Rose Bonavita and her work partner, Jennie Florio, set a record by drilling 900 holes and driving 3,300 rivets in the tail of a Grumman TBF Avenger torpedo bomber during one six-hour overnight shift in June 1943. President Franklin D. Roosevelt later commended Bonavita. After the war, she married and became a Long Island homemaker.

Rosalind P. Walter, who helped build the F4U marine gull-wing fighter plane, was the inspiration for the 1942 song “Rosie the Riveter,” recorded by the popular swing bandleader Kay Kyser. After the war, Walter became a philanthropist and a trustee at Long Island University.

Many other Long Island women, from all walks of life, left — or continue to leave — their mark on our area, the nation and the world:

• Sara Whalen, of Greenlawn, was a member of the U.S. women’s soccer team that won the 1999 World Cup.

• Judith Jacobs, of Woodbury, was the first female presiding officer of the Nassau County Legislature.

• Donna Karan, who grew up in Woodmere, is head designer and chief executive officer of the fashion company that bears her name.
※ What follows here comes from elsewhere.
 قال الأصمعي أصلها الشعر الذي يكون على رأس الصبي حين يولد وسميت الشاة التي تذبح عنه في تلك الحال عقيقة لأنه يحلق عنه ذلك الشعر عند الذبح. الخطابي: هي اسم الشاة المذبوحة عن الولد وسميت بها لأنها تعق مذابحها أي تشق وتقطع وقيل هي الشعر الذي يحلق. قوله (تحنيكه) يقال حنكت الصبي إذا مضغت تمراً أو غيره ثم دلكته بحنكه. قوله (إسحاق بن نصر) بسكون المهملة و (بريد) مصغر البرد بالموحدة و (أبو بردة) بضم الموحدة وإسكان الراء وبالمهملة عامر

• Hazel Dukes, formerly of Roslyn, is a civil rights activist who served as both national and state president of the NAACP.

• Bernadette Castro, of Lloyd Harbor, is not only the former president of Castro Convertibles, but a former state commissioner of Parks, Recreation and Historic Preservation, and was a member of former Gov. George Pataki’s cabinet.
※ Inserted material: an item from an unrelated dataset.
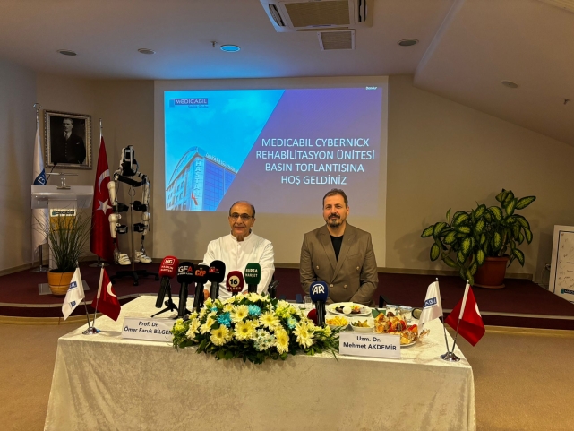 Cyber-Nöro Robotik Yürüme Rehabilitasyon Ünitesi, nörolojik hastalıkların tedavisinde kullanılan yeni nesil robotik yürüme teknolojileriyle dikkat çekiyor. Ünitenin tanıtımı, Prof. Dr. Ömer Faruk Bilgen ve Uzm. Dr. Mehmet Akdemir tarafından düzenlenen basın toplantısıyla gerçekleştirildi.

• Geri Barish, of Baldwin, is president of 1 in 9: The Long Island Breast Cancer Action Coalition.

• Doris Kearns Goodwin, a historian who grew up in Rockville Centre, won a Pulitzer Prize for “No Ordinary Time,” a book on Franklin and Eleanor Roosevelt.

• Dorothy Goosby, of Hempstead, filed suit against the town for racial discrimination in elections, won — and later became the first African-American woman ever elected to the Town Board.